Stored items

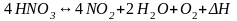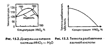 Теплота разбавления азотной кислоты водой существенно меняется с ее концентрацией и составляет для моногидрата HNO3 33,68 кДж/моль (рис. 1.3). Безводная азотная кислота малоустойчива термически и разлагается уже при хранении по уравнению:
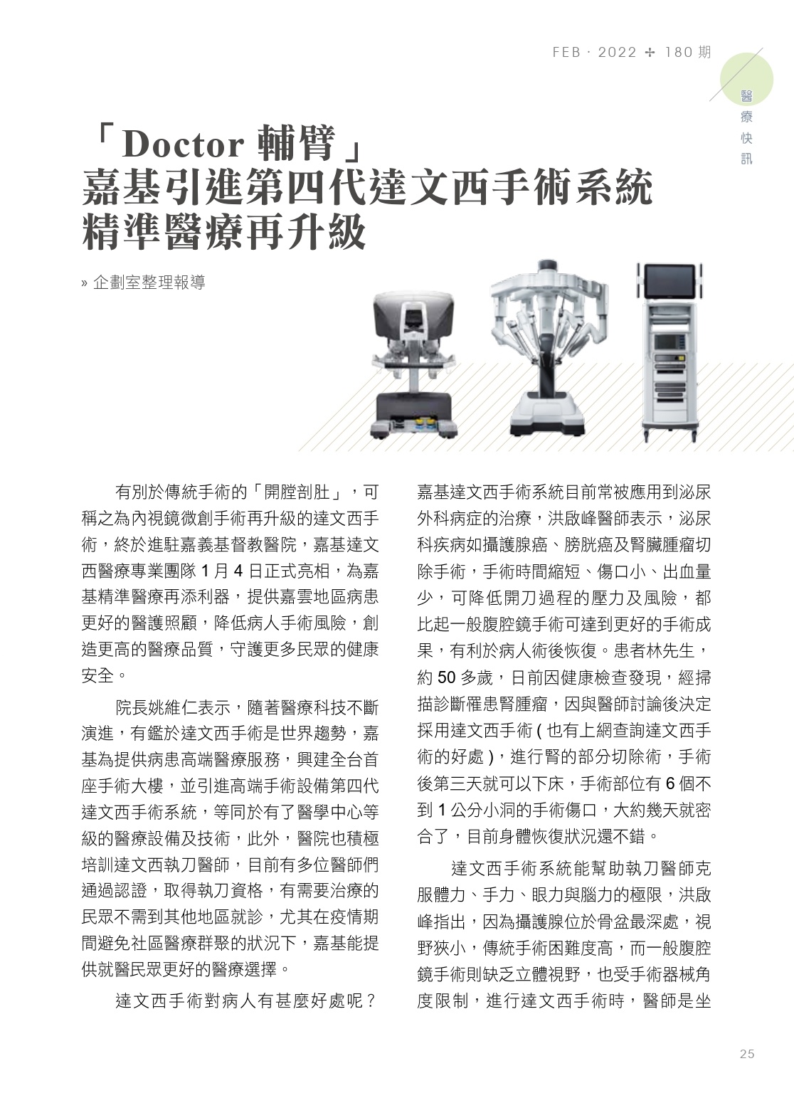 院長姚維仁表示,隨著醫療科技不斷演進,有鑑於達文西手術是世界趨勢,嘉基為提供病患嘉基高端醫療服務,興建全台首座手術的大樓,並引進高端手術設備達文西手術系統,等同於有了醫學中心等級的醫療設備及技術,此外,醫院也積極培訓達文西執刀醫師,目前有多位醫師們通過認證,取得執刀資格,有需要治療的民眾不需到其他地區就診,尤其在疫情期間避免社區醫療群聚的狀況下,嘉基能提供就醫民眾更好的醫療選擇。
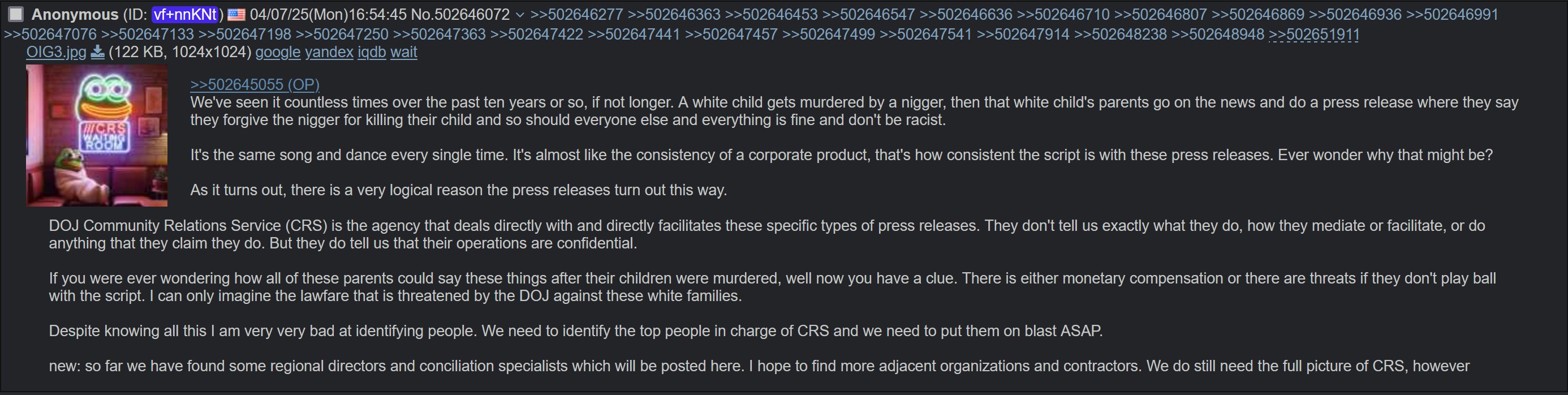 Community Relations Services got refunded on January 5th. Although with a decreased budget. 20 million is enough to fuck some things up without a paper trail and impunity. Black Panthers were founded only 1 year after this organization was created. Blacks don't give a shit about white women and illegals. Jewish run "Black" orgs do however. Anyone know what day this lesbo bitch was shot? There could be a connection here. Black Panthers are their paramilitary.
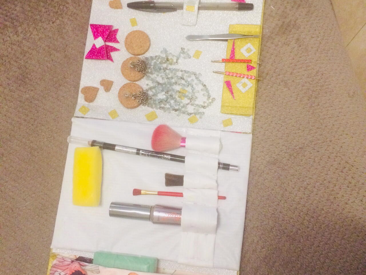 Cortar el papel a la medida que deseas y pegar ambas partes,dejas en agua hirviendo el corcho del vino y cuando aumenta el doble su tamaño ya podrás cortarlo coser en el espacio para pinceles sobre la tela impermeable y luego lo pegas al molde
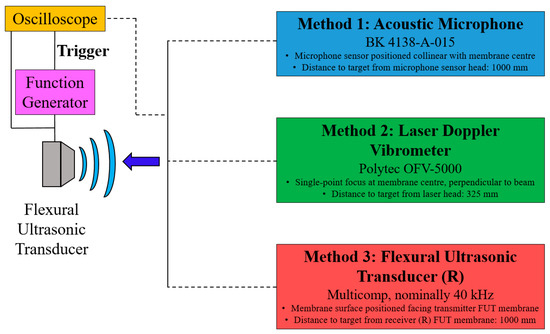The analysis of FUT vibration response is conducted by comparing three experimental techniques. The first is using an acoustic microphone (BK 4138-A-015, Brüel & Kjær Sound & Vibration Measurement A/S, Nærum, Denmark), the second through laser Doppler vibrometry (LDV, Polytec OFV-5000, Waldbronn, Germany), and the third by using a second FUT as a receiver. The differences in measured vibration response between these techniques is important for the design and operation of FUT systems, particularly in relation to how FUTs are operated. The FUT transducers used here were manufactured by Multicomp, while a number of other FUT manufacturers produce transducers with almost identical designs and characteristics.
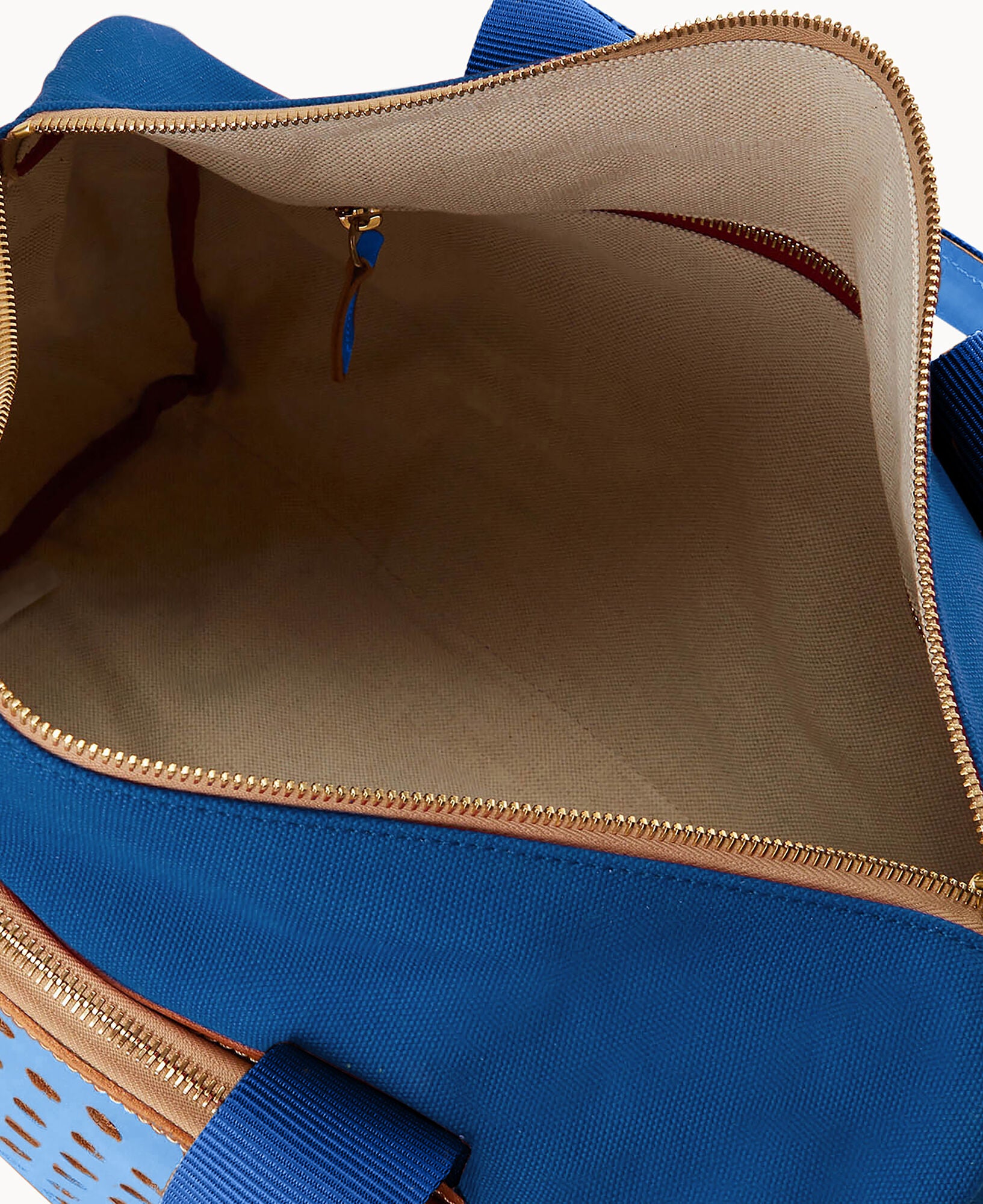 One outside zip pocket. One outside slip pocket. Two interior zip pockets. One racket zip pocket. Zipper closure.
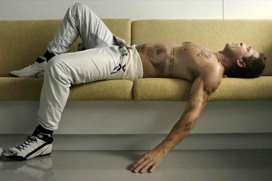 Компания Warner Bros. Pictures представила тизер фильма «Формула-1», в котором главную роль сыграл Брэд Питт. На одном из кадров 61-летний актер лежал на диване без футболки, продемонстрировав многочисленные татуировки. Артист был одет в белые штаны и бутсы.
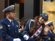 オープンカーに”1日警察署長”の小倉優子さん、半田健人さん。

» **Action item**
Each record above has to be written out again in full, but its pictures must not be.

» **Task output**
 Теплота разбавления азотной кислоты водой существенно меняется с ее концентрацией и составляет для моногидрата HNO3 33,68 кДж/моль (рис. 1.3). Безводная азотная кислота малоустойчива термически и разлагается уже при хранении по уравнению:
 院長姚維仁表示,隨著醫療科技不斷演進,有鑑於達文西手術是世界趨勢,嘉基為提供病患嘉基高端醫療服務,興建全台首座手術的大樓,並引進高端手術設備達文西手術系統,等同於有了醫學中心等級的醫療設備及技術,此外,醫院也積極培訓達文西執刀醫師,目前有多位醫師們通過認證,取得執刀資格,有需要治療的民眾不需到其他地區就診,尤其在疫情期間避免社區醫療群聚的狀況下,嘉基能提供就醫民眾更好的醫療選擇。
 Community Relations Services got refunded on January 5th. Although with a decreased budget. 20 million is enough to fuck some things up without a paper trail and impunity. Black Panthers were founded only 1 year after this organization was created. Blacks don't give a shit about white women and illegals. Jewish run "Black" orgs do however. Anyone know what day this lesbo bitch was shot? There could be a connection here. Black Panthers are their paramilitary.
 Cortar el papel a la medida que deseas y pegar ambas partes,dejas en agua hirviendo el corcho del vino y cuando aumenta el doble su tamaño ya podrás cortarlo coser en el espacio para pinceles sobre la tela impermeable y luego lo pegas al molde
The analysis of FUT vibration response is conducted by comparing three experimental techniques. The first is using an acoustic microphone (BK 4138-A-015, Brüel & Kjær Sound & Vibration Measurement A/S, Nærum, Denmark), the second through laser Doppler vibrometry (LDV, Polytec OFV-5000, Waldbronn, Germany), and the third by using a second FUT as a receiver. The differences in measured vibration response between these techniques is important for the design and operation of FUT systems, particularly in relation to how FUTs are operated. The FUT transducers used here were manufactured by Multicomp, while a number of other FUT manufacturers produce transducers with almost identical designs and characteristics.
 One outside zip pocket. One outside slip pocket. Two interior zip pockets. One racket zip pocket. Zipper closure.
 Компания Warner Bros. Pictures представила тизер фильма «Формула-1», в котором главную роль сыграл Брэд Питт. На одном из кадров 61-летний актер лежал на диване без футболки, продемонстрировав многочисленные татуировки. Артист был одет в белые штаны и бутсы.
 オープンカーに”1日警察署長”の小倉優子さん、半田健人さん。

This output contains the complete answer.